A numerical investigation of constraint effects in circumferentially cracked pipes and fracture specimens including ductile tearing

• Extensive numerical analysis of crack-tip constraint in pipelines and fracture specimens.
• Shallow-crack SE(B) and clamped SE(T) specimens have very similar levels of constraint.
• J-resistance curves for SE(B) specimens depend rather strongly on crack size.
• J-resistance curves for clamped SE(T) specimens depend weakly on crack size.
• Shallow crack SE(B) specimens accurately characterize circumferentially cracked pipes.
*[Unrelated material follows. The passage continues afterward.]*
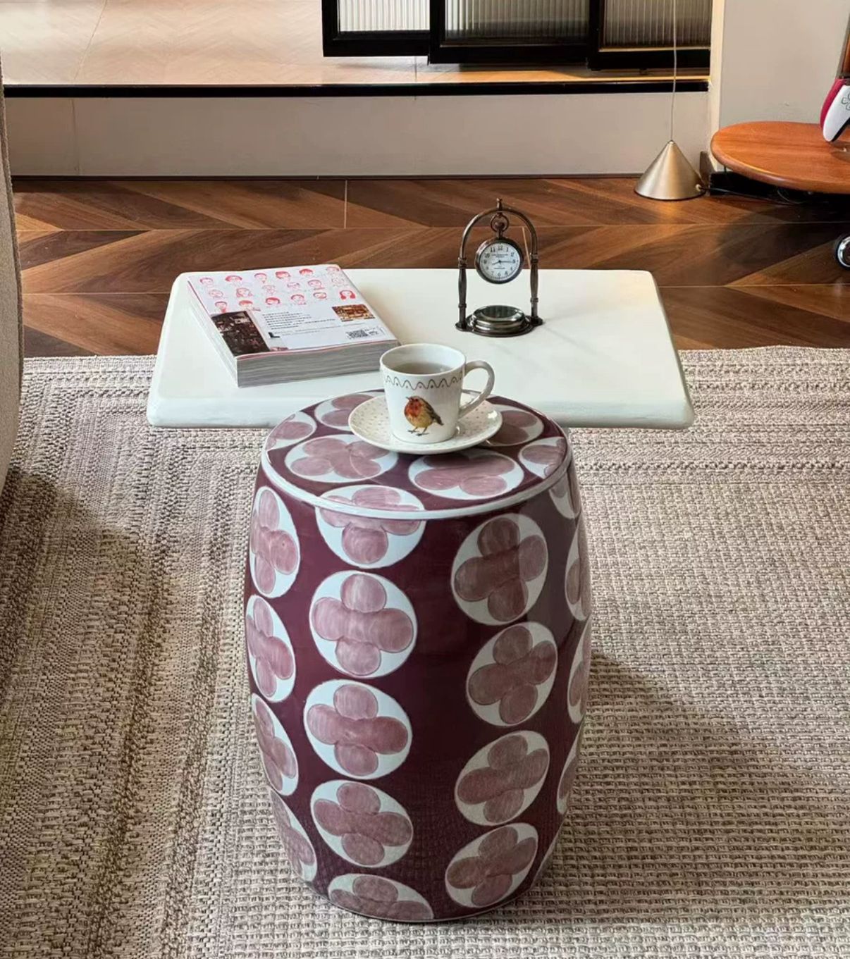 Его форма – обычно низкий, приземистый, с плавными изгибами ножек, напоминает о традициях китайской мебели. Керамика, из которой он изготовлен, тщательно отполирована и покрыта глазурью, придающей ей шелковистый блеск.

This work addresses a two-parameter description of crack-tip fields in bend and tensile fracture specimens incorporating the evolution of near-tip stresses following stable crack growth with increased values of the crack driving force as characterized by J. The primary objective of this study is twofold. First, the present investigation broadens current understanding on the role of constraint and test conditions in defect assessment procedures for pipeline girth welds using SE(T) and SE(B) specimens. Second, the work addresses the potential coupled effects of geometry and ductile tearing on crack-tip constraint as characterized by the J−Q theory which enables more accurate correlations of crack growth resistance behavior in conventional fracture specimens. Plane-strain and 3-D finite element computations including stationary and growth analyses are conducted for 3P SE(B) and clamped SE(T) specimens having different notch depth (a) to specimen width (W) ratio in the range 0.1 ≤ a/W ≤ 0.5. Additional 3-D finite element analyses are also performed for circumferentially cracked pipes with a surface flaw having different crack depth (a) over pipe wall thickness (t) ratios and fixed crack length. A computational cell methodology to model Mode I crack extension in ductile materials is utilized to describe the evolution of J with the accompanying evolving near-tip opening stresses. Laboratory testing of an API 5L X70 steel at room temperature using standard, deeply cracked C(T) specimens is used to measure the crack growth resistance curve for the material and to calibrate the key cell parameter defined by the initial void fraction, f0. A key result emerging from this study is that shallow crack SE(B) specimens can accurately and conservately produce crack growth resistance curves that describe well the measuring toughness capacity of circumferentially cracked pipes under remote bending. The present results provide additional understanding of the effects of constraint on crack growth which contributes to further evaluation of crack growth resistance properties in pipeline steels using SE(T) and SE(B) specimens while, at the same time, eliminating some restrictions against the use of shallow cracked bend specimens in defect assessment procedures.